FIGURE 1. Comparison of the mean values of relative genus abundance for the 15 most abundant taxa across samples between the two primer sets using a heatmap and Pearson’s correlation (r). The American Gut Project (AGP) dataset of samples from individuals without intestinal disease was referenced for a normal taxonomic profile of a human fecal sample. The asterisk indicates statistical significance.

FIGURE 2

FIGURE 2. Overview of the relative abundance of the different phyla averaged over all samples (A) and at the individual sample level (B). In Panel (A), the American Gut Project (AGP) dataset of samples from individuals without intestinal disease was used as a reference for a normal phyla-level taxonomic profile of a human fecal sample.

FIGURE 3

FIGURE 3. Comparison of genera with the most significant differences in abundance between the two primer approaches. ***–p-value < 0.001.

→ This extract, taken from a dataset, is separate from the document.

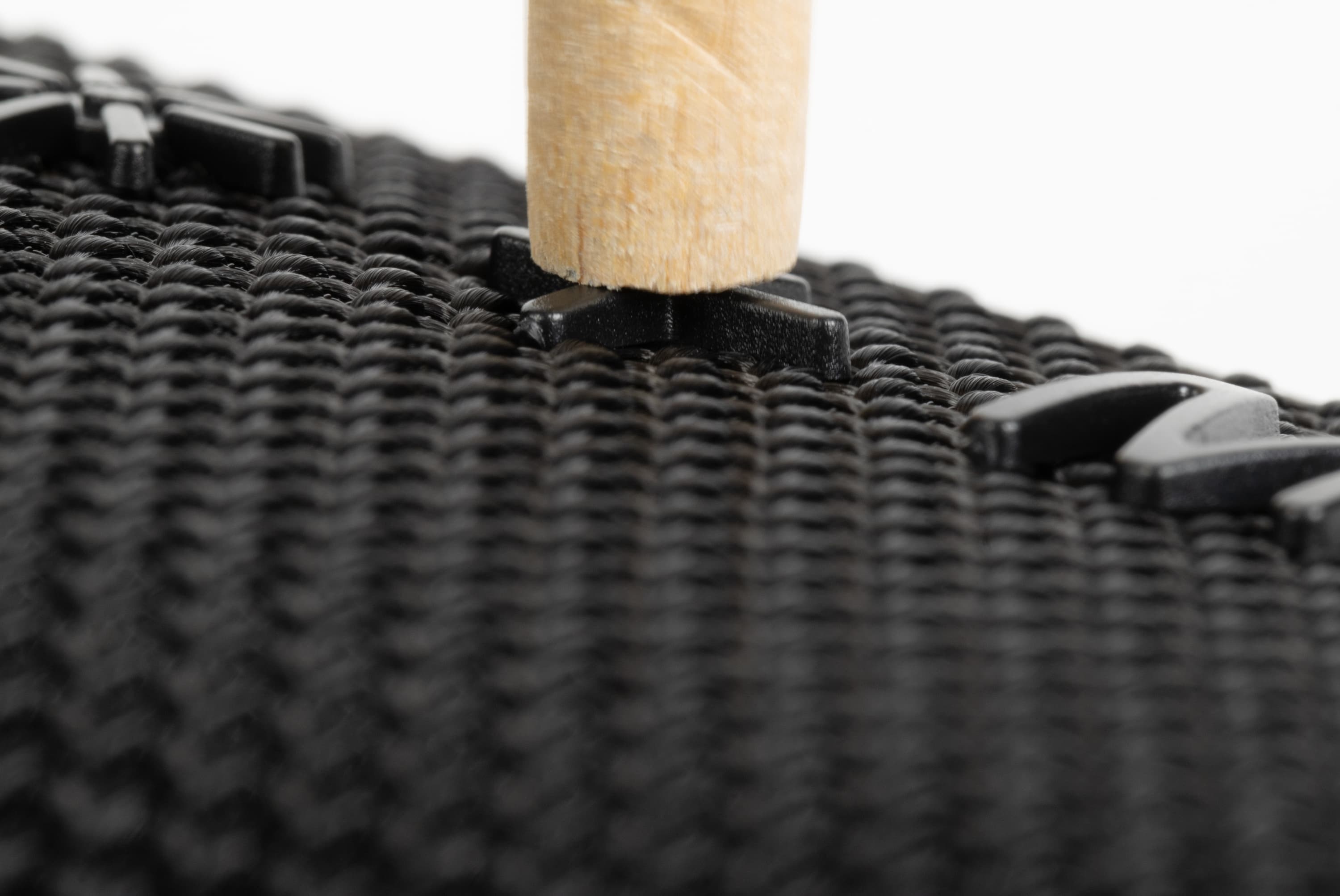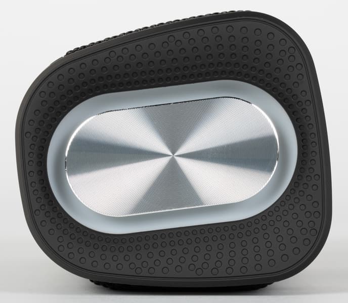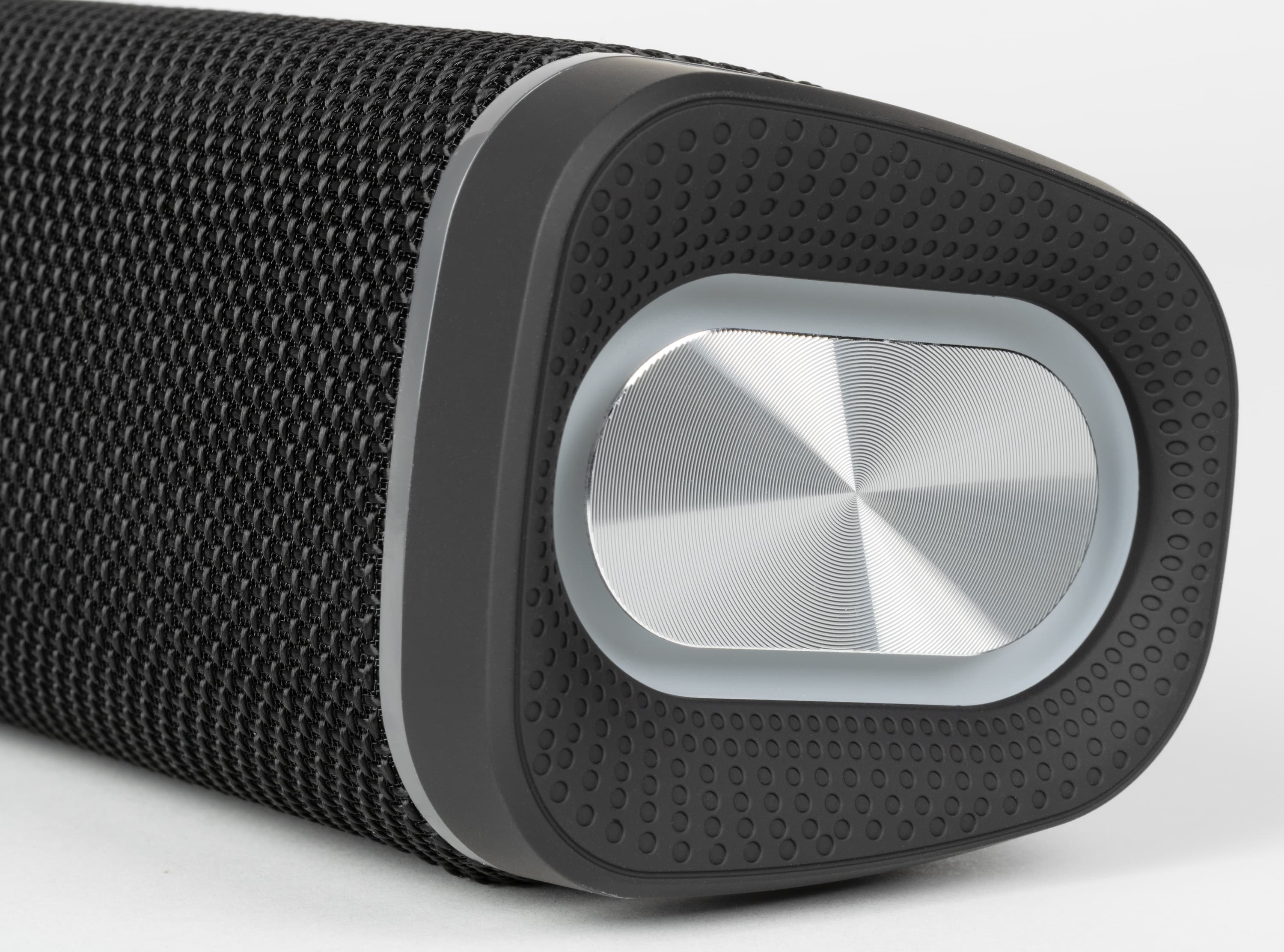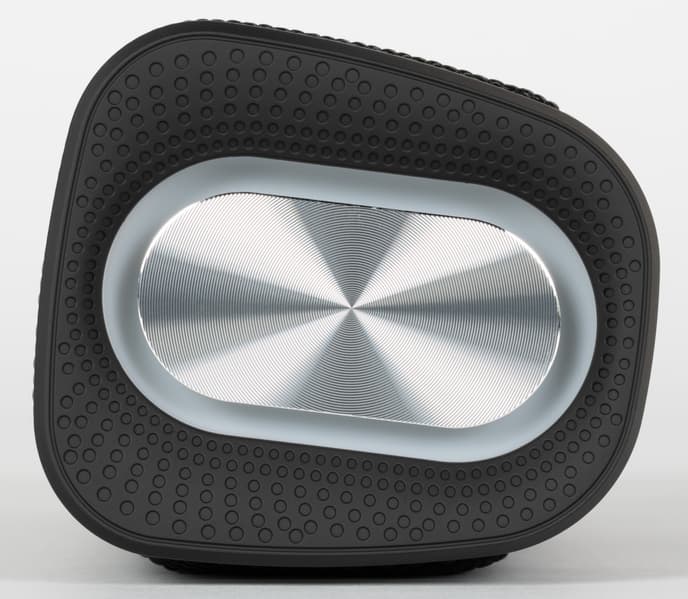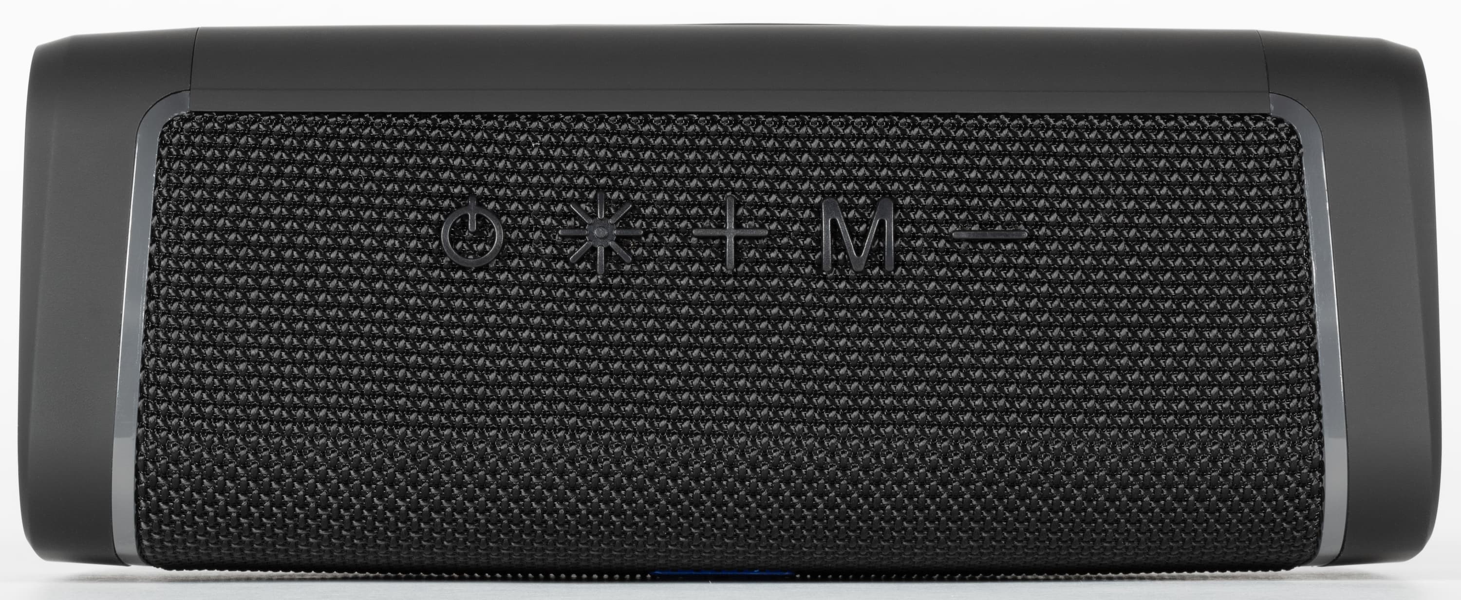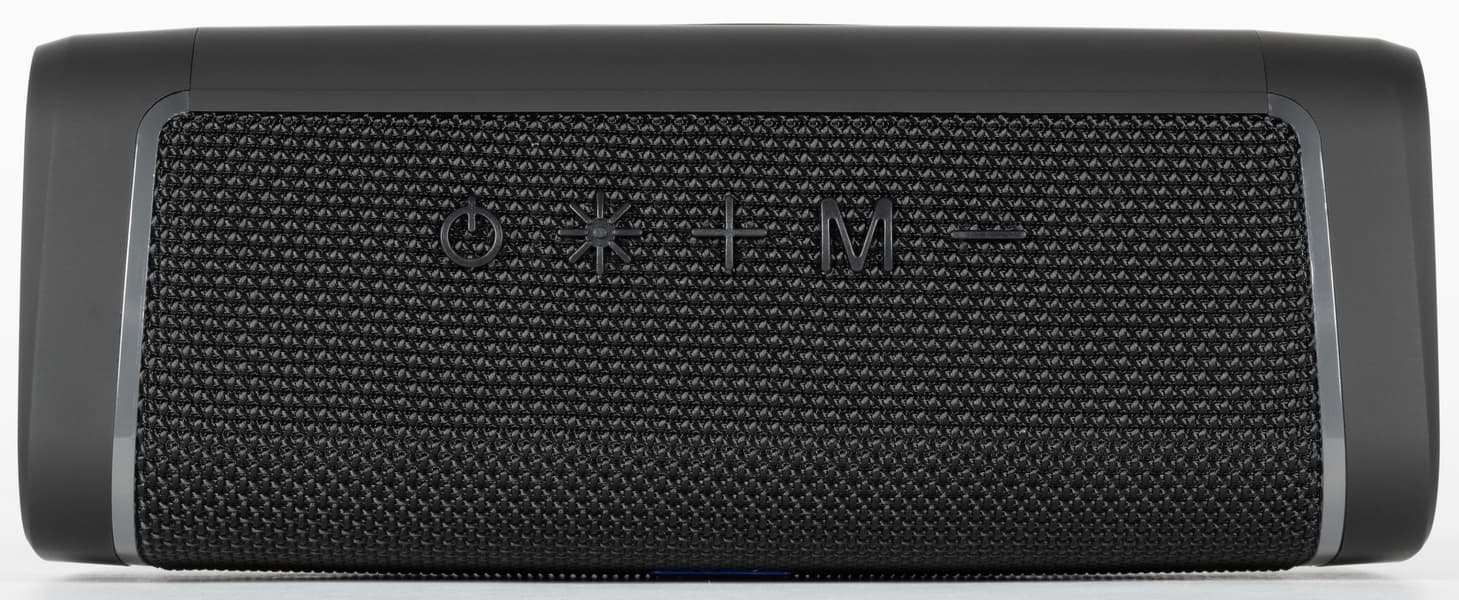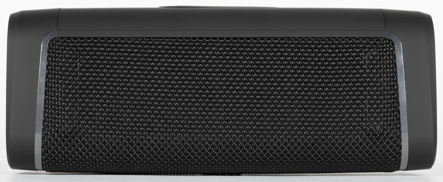 Вся колонка, кроме задней панели, закрыта по периметру прочной тканевой сеткой с довольно эффективной водоотталкивающей пропиткой. Логотип на передней части, о котором мы уже упоминали, держится буквально на одной капле клея. При желании и любви к лаконичному дизайну его можно легко снять, а остатки клея удалить с поверхности с помощью подходящих средств — останется лишь небольшое и едва заметное углубление на сетке.

In addition to the outlined discrepancies in the taxonomic profiles of the human gut microbiome, significant differences in taxonomic diversity are also apparent, depending on the primer set used. Primer 27F-I detects notably fewer distinct OTUs in the human fecal samples than primer set 27F-II, as reflected by a statistically significant lower Shannon index (3.733 vs. 4.271, p < 0.001, Figure 4) expressing alpha diversity.

FIGURE 4

FIGURE 4. Alpha diversity represented as Shannon index (A) for the two primer approaches and a Venn diagram (B) showing the common and specific taxonomic units at the genus level between the two primer sets used. The dashed gray lines in (A) link the results of a sample after analysis with 27F-I and 27F-II primer set, respectively. ***–p-value < 0.001.

Discussion

The introduction of next-generation sequencing has revolutionized the field of microbiology research and greatly expanded our knowledge of complex human enteric bacterial communities. In this context, nanopore sequencing stands out as combining the advantages of cost-effectiveness, simplicity of use, high throughput, and high taxonomic resolution through its ability to read long amplicons. Recent substantial advances in sequencing accuracy significantly mitigate what has been a significant weakness of this technology and represent a culmination of this impressively rapid technical evolution of the nanopore platform, which has allowed it to eclipse the performance of short-read sequencing techniques. Not least, the 16S Barcoding Kit (SQK-16S024) offered by ONT and widely used in the community contributes notably to the simplicity, speed, and high cost-effectiveness of nanopore 16S rRNA gene sequencing (Santos et al., 2020).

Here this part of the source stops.